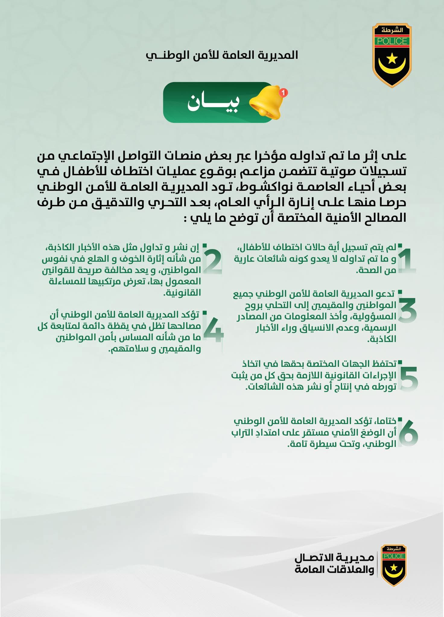 نفت المديرية العامة للأمن الوطني المعلومات المتداولة على وسائل التواصل الاجتماعي بشأن وقوع عمليات اختطاف للأطفال في بعض أحياء العاصمة نواكشوط.
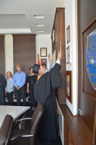 После литургијског отпуста и послужења у храмовној порти, Епископ је благоизволео да на позив председника општине Трстеник г. Александра Ћирића освешта зграду Општине Трстеник и благослови све верне који у тој институцији раде.
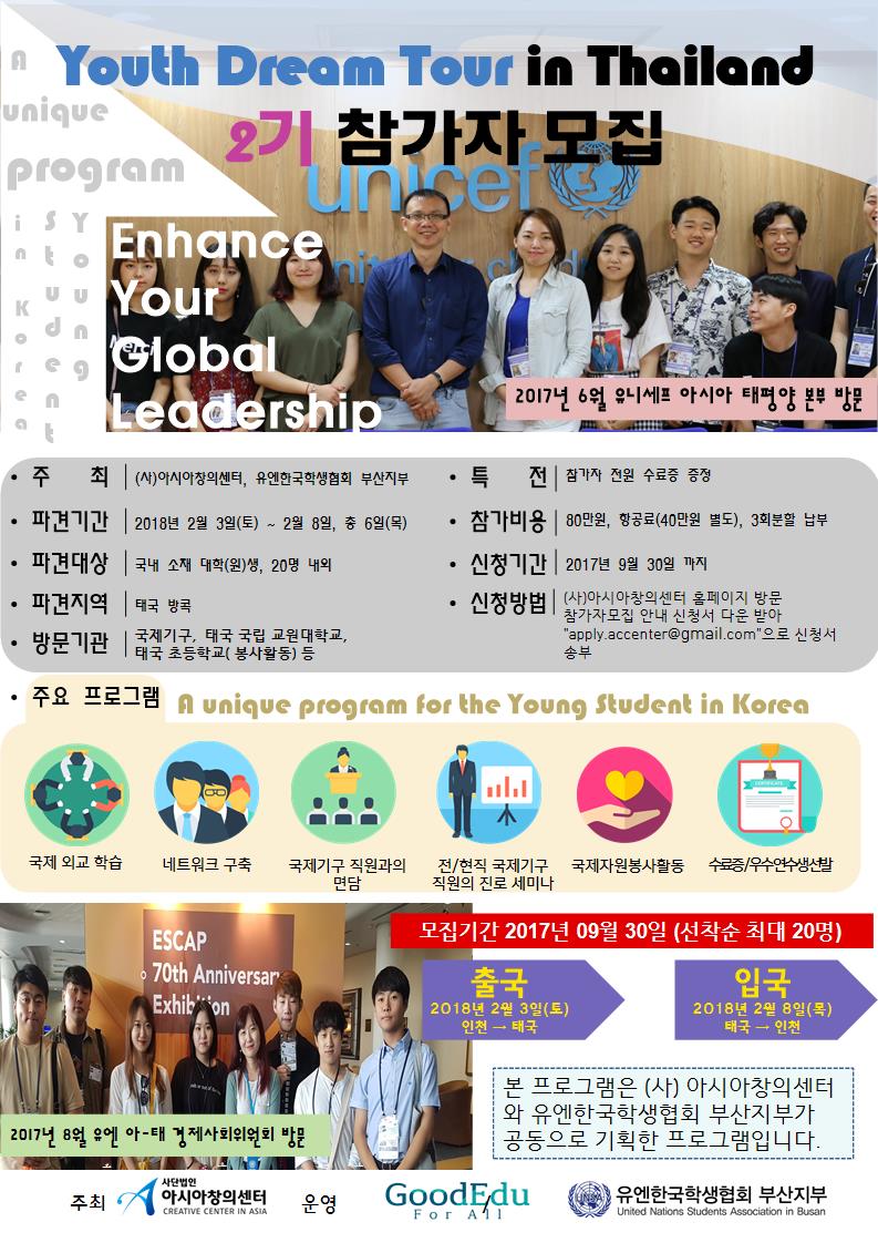 (사)아시아창의센터에서 대한민국 청년들 대상으로 Youth Dream Tour in THAILAND 2기 프로그램을 실시합니다. 국제기구, 국제진로, 봉사활동, 문화탐방에 관심 있는 분들의 많은 참여부탁드립니다.
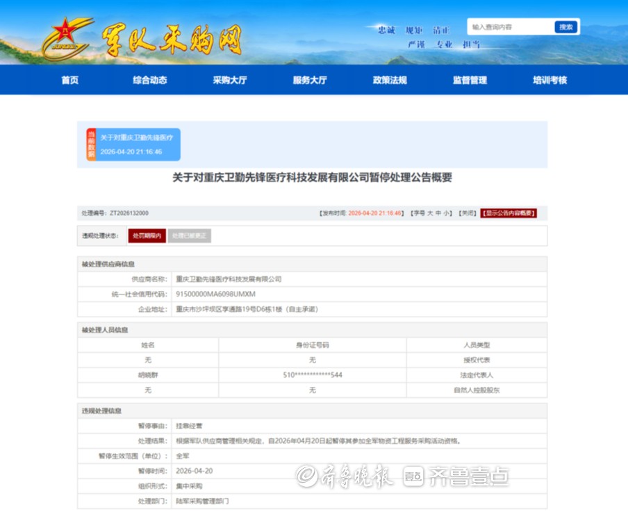 近日,陆军采购管理部门发布处理公告,重庆卫勤先锋医疗科技发展有限公司因挂靠经营,被暂停参加全军物资工程服务采购活动资格。

§ AIM OF THE EXERCISE
Write out an exact reproduction of the lines from the line that holds "После литургијског отпуста" to the bottom of the listing above, both ends included. Exclude pictures.

§ EXERCISE SOLUTION
 После литургијског отпуста и послужења у храмовној порти, Епископ је благоизволео да на позив председника општине Трстеник г. Александра Ћирића освешта зграду Општине Трстеник и благослови све верне који у тој институцији раде.
 (사)아시아창의센터에서 대한민국 청년들 대상으로 Youth Dream Tour in THAILAND 2기 프로그램을 실시합니다. 국제기구, 국제진로, 봉사활동, 문화탐방에 관심 있는 분들의 많은 참여부탁드립니다.
 近日,陆军采购管理部门发布处理公告,重庆卫勤先锋医疗科技发展有限公司因挂靠经营,被暂停参加全军物资工程服务采购活动资格。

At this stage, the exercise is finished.